За него ответил самый старший по званию из присутствующих. Армейская солидарность против гражданской *штрафирки* мигом сплотила окружающих его офицеров, неприязнь ко всяким…писарям, была у них на уровне безусловного рефлекса. Уже выходя из канцелярии, подполковник Росляков задержался:
— Напомните мне — сколько вы уже служите?
— Недавно минул первый год, господин подполковник.

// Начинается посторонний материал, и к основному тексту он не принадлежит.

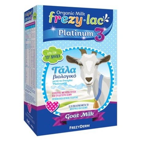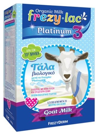 Το FREZYLAC PLATINUM PLUS 3 είναι αγνό βιολογικό κατσικίσιο γάλα σε σκόνη, κατάλληλο για βρέφη από τον 10ο μήνα ως μετάβαση από τον θηλασμό ή από το FREZYLAC PLATINUM 2. Μπορεί επίσης να αντικαταστήσει οποιοδήποτε γάλα στη συνέχεια της νηπιακής και παιδικής ηλικίας. Παράγεται από την εναλλακτική, υγιεινή και φιλική προς το περιβάλλον βιολογική αιγοκτηνοτροφία και εξασφαλίζει στο βρέφος μία φυσική, ισορροπημένη διατροφή. Είναι εμπλουτισμένο με πρωτεΐνες, βιταμίνες, μέταλλα και ιχνοστοιχεία, κορεσμένα και πολυακόρεστα λιπαρά οξέα (σε ιδανική αναλογία) και προσφέρει επιπλέον οφέλη στην πέψη, τη διατήρηση της εντερικής χλωρίδας και τον μεταβολισμό των θρεπτικών συστατικών, χάρη στη διαφορετική πρωτεϊνική δομή του κατσικίσιου γάλατος.

— Хм… Продолжите в том же духе, и я уверен — быть вам в генеральском чине. Вам передали приглашение на бал? Прекрасно, продолжим нашу беседу попозже… Всего хорошего, князь.
— Честь имею.
Через день, ознакомившись с окончательным вариантом рапорта о происшедшем бое, подпоручик был сильно удивлён. В результате всех *проверок и уточнений*, невесть откуда появились ещё 15 нападавших. Для круглого счёта не хватало, что ли? Их отсутствие объяснялось очень просто — их, сильно израненных, заботливые контрабандисты унесли с собой… Как только не надорвались, бедолаги? Наверняка, традиция приписок, в СССР зародилась не на пустом месте, а, так сказать, имеет глубокие исторические корни, хе-хе. Ну да ладно, Сергею Юрьевичу виднее, сколько там было нарушителей госграницы. Небось, на очередную медальку бонусы копит…
Глава 13
Несмотря на все опасения, первый бал в жизни Александра, неприятностей не доставил — окружающих его офицеров больше занимали присутствующие на этой своеобразной дискотеке дамы, и общение по интересам, а не молодой и никому неинтересный подпоручик. Чином пока не вышел, что для дам, что до остальных. Поэтому он, полюбовавшись издали на манерных, кокетливо- томных *красавиц* (вообще-то попадались и действительно милые мордашки), ознакомившись с *высшим обществом* небольшого города Ченстохово, остался этим знакомством доволен: неспешный ритм жизни, немудреные интересы… Все разговоры вертелись вокруг двух тем: день рождения какой-то мадам Кики, и слухи и сплетни из Варшавы и Петербурга, причём — день рождения неизвестной ему мадам интересовал всех куда как больше. Самым же главным результатом посещения бала, стал невольно подслушанный разговор об энтузиасте-оружейнике. Речь в нём шла о долгах оружейного мастера Греве. Вернее о том, что тот вечно придумывает всякую ерунду вроде ненужных усовершенствований, вбухивая в это дело половину своего, и так не сильно большого жалования, вместо того, что бы просто прилежно делать свою работу. Отдали старую винтовку на запчасти — а он из неё карабин сотворил. Другую, списанную, сам купил и переделал в гладкоствольное охотничье ружьё. Теперь вот мается, пытается продать…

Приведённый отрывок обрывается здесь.